Dr. Danoun also notes that PNES can be as disabling as epileptic seizures and, in some cases, even worse. The clinical burden remains real even when the EEG does not show epileptic activity.
How the Diagnosis Begins
The diagnostic process begins with a neurologist. According to the discussion, evaluation includes the clinical history, physical examination, and detailed review of the patient’s symptoms. A video of the event, whether captured on a phone or another device, can be especially helpful because event semiology may offer useful clues.
Dr. Danoun describes several clinical features that may suggest epilepsy versus PNES, while also making clear that these observations are not enough on their own to establish a definitive diagnosis.

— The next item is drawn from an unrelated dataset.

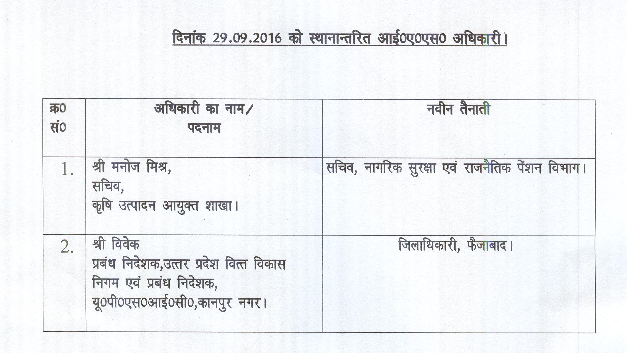 Bureaucracy Two IAS officers transferred in Uttar Pradesh Last updated: September 30, 2016 8:35 am Parijat Tripathi Share SHARE Two IAS officers have been transferred in the Uttar Pradesh. The officers are: Sh. Manoj Mishr Sh. Vivek Please click on the below image for the transfer details of the officers. Share This Article Email Copy Link Print Previous Article Shakti Sinha appointed as Director, NMML Next Article Four Income Tax officers get addl charges Leave a Comment Leave a Reply Cancel replyYour email address will not be published. Required fields are marked *Comment * Name * Email * Website Save my name, email, and website in this browser for the next time I comment. Δ

Features described as more typical of epileptic seizures include:
- abrupt onset
- stereotyped progression
- spread of symptoms in a more expected pattern
- rhythmic jerking in a consistent plane
- short duration, often around one to two minutes
- post-event confusion or fatigue
- tongue biting or loss of bladder control in some cases
Features described as more suggestive of PNES include:
- slower onset and gradual buildup
- stop-and-start shaking
- asynchronous or changing movement patterns
- prolonged episodes that may last several minutes or longer
- closed eyes during the event
- emotional expression such as crying
- impaired responsiveness with possible retained ability to hear others
These distinctions can help shape clinical suspicion, but the discussion makes clear that the gold standard is not bedside impression alone.
The Gold Standard for Diagnosis
The definitive test described in the podcast is video-EEG monitoring in an epilepsy monitoring unit. In that setting, the patient is connected to EEG while being recorded on video, and clinicians wait for a typical event to occur. Sometimes medications are adjusted or measures such as flashing lights or hyperventilation are used to try to trigger the event.
If the patient has a typical event and the EEG shows the abnormal electrical signature expected in epilepsy, the diagnosis supports epileptic seizures. If the patient has their usual shaking event but the brain waves remain normal, that supports PNES.